The performance of heat exchangers, ventilation systems, ship hulls, and medical implants are often compromised by biofilms. Biofilms are communities of microorganisms that form on solid or fluid interfaces and are designed to protect the individual cells, such as bacteria, from the environment. Protection largely comes from the extracellular matrix (ECM) that is secreted by the cells. The ECM hinders diffusion of molecules through the biofilm, which limits the effectiveness of antimicrobials and can lead to drug resistance. The resulting pernicious nature of biofilms is commonly associated with the complex chemistry of the ECM. However, researchers at Harvard University have recently demonstrated that the chemistry and topography of biofilms of the bacteria Bacillus subtilis exhibit nonwetting behavior, which provides an additional defense mechanism.
As reported in the January 18th issue of the Proceedings of the National Academy of Sciences (DOI: 10.1073/pnas.1011033108; p. 995), A.K. Epstein, B. Pokroy, A. Seminara, and J. Aizenberg meas-ured the contact angle of a series of water/ethanol solutions on biofilms of B. subtilis. Surprisingly, the biofilm maintained a constant contact angle (~135°) up to a concentration of 80% ethanol. Hydrophobic materials such as Teflon® exhibit a linear decrease in contact angle with ethanol concentration and even 20% ethanol solution wets its surface. This is significant because it demonstrates that liquid does not reach the bulk of the biofilm and no chemical change occurs in the biofilm exposed to 60–70% ethanol—a range commonly thought to be disinfectant.

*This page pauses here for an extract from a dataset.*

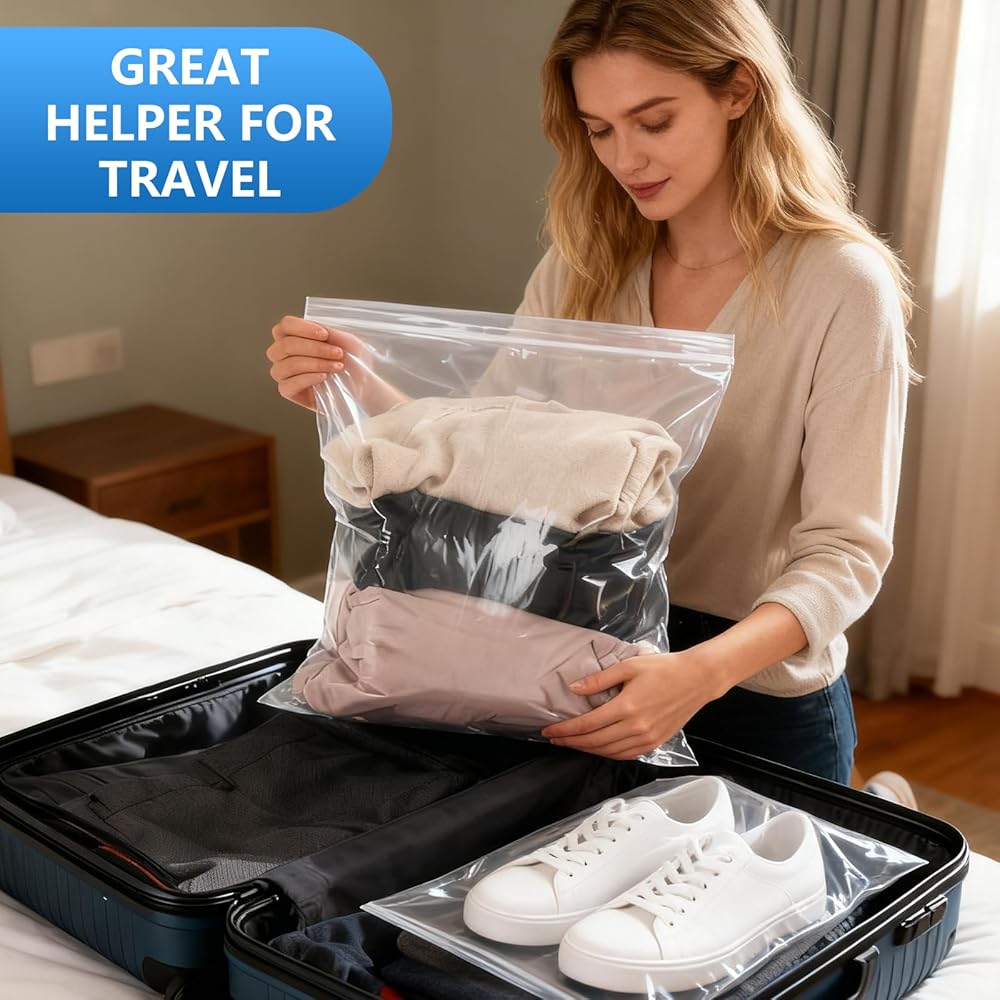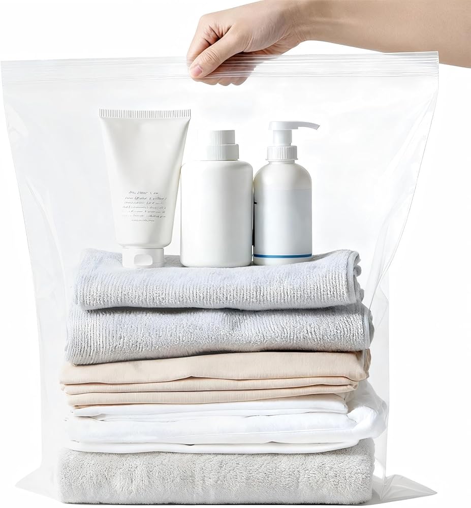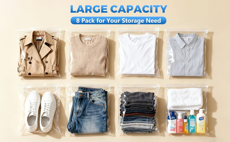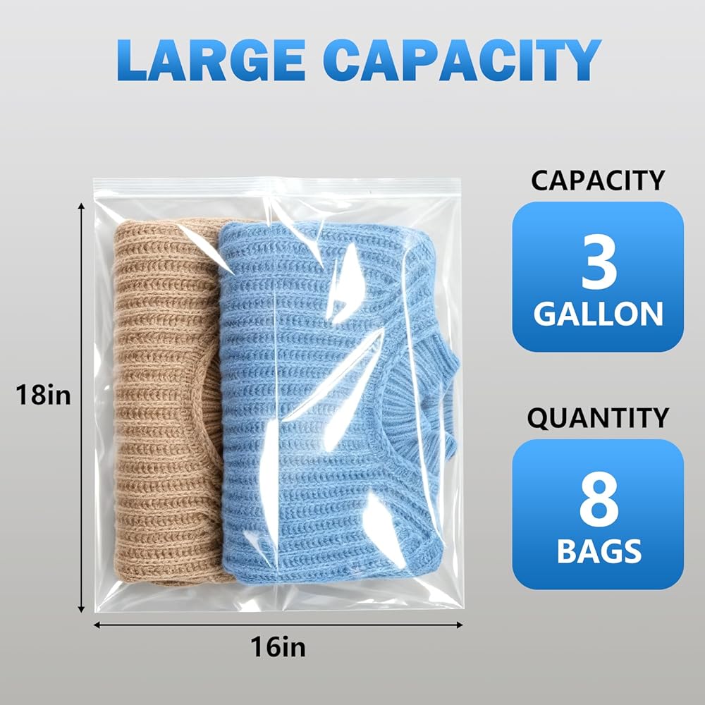 8 عبوات من أكياس تخزين بلاستيكية كبيرة، حجم كبير 3 جالون، 40.64 سم × 45.72 سم، حقيبة كبيرة بسحاب شفاف للملابس، والسفر، والحركة، وحقائب كبيرة بسحاب مع قفل قابل لإعادة الإغلاق، بسمك 2 مل

(a) Schematic of contact angles on nonwetting (θ > 90°) and wetting (θ < 90°) surfaces. (b) Contact angle of the wild-type (WT) biofilm of B. subtilis for a series of water/ethanol solutions. The contact angle remains relatively constant at ~135° up to a concentration of 80% ethanol. Polytetrafluoroethylene (PTFE) demonstrates an incremental decrease in contact angle with the concentration of ethanol (surface tension of the liquid). The green region denoting 60–90% ethanol is commonly regarded as antimicrobial for free-swimming bacteria. Source: PNAS 108 (3)(2011) DOI: 10.1073/pnas.1011033108; p. 995. © 2011 National Academy of Sciences.
To further describe the fluid-repellent nature of the biofilm, the researchers examined the influence of topography. These biofilms naturally have an undulating surface at the 10s–100s μm scale. Confocal microscopy showed that drops containing a fluorescent dye stained only on the top layer of the biofilm and did not penetrate into the grooves of the surface. This demonstrates that the biofilm exhibited Cassie–Baxter wetting, a state which traps gas within the topography and is common for many superhydrophobic surfaces. However, epoxy replicates of the surface did not reproduce the contact angle behavior of the biofilm. This shows that a combination of the topography and a dynamic chemistry of the ECM are responsible for liquid repellency.
The researchers demonstrated that water repellency on the macroscopic scale may provide bacteria an additional defense mechanism to antimicrobial agents. The researchers are careful to note that this strain of bacteria is commonly found in soil, so biofilms that are constantly submerged in water will likely exhibit different behavior. Yet this research demonstrates that some sterilization techniques, such as soaking in disinfectant, may not be effective for certain types of bacteria.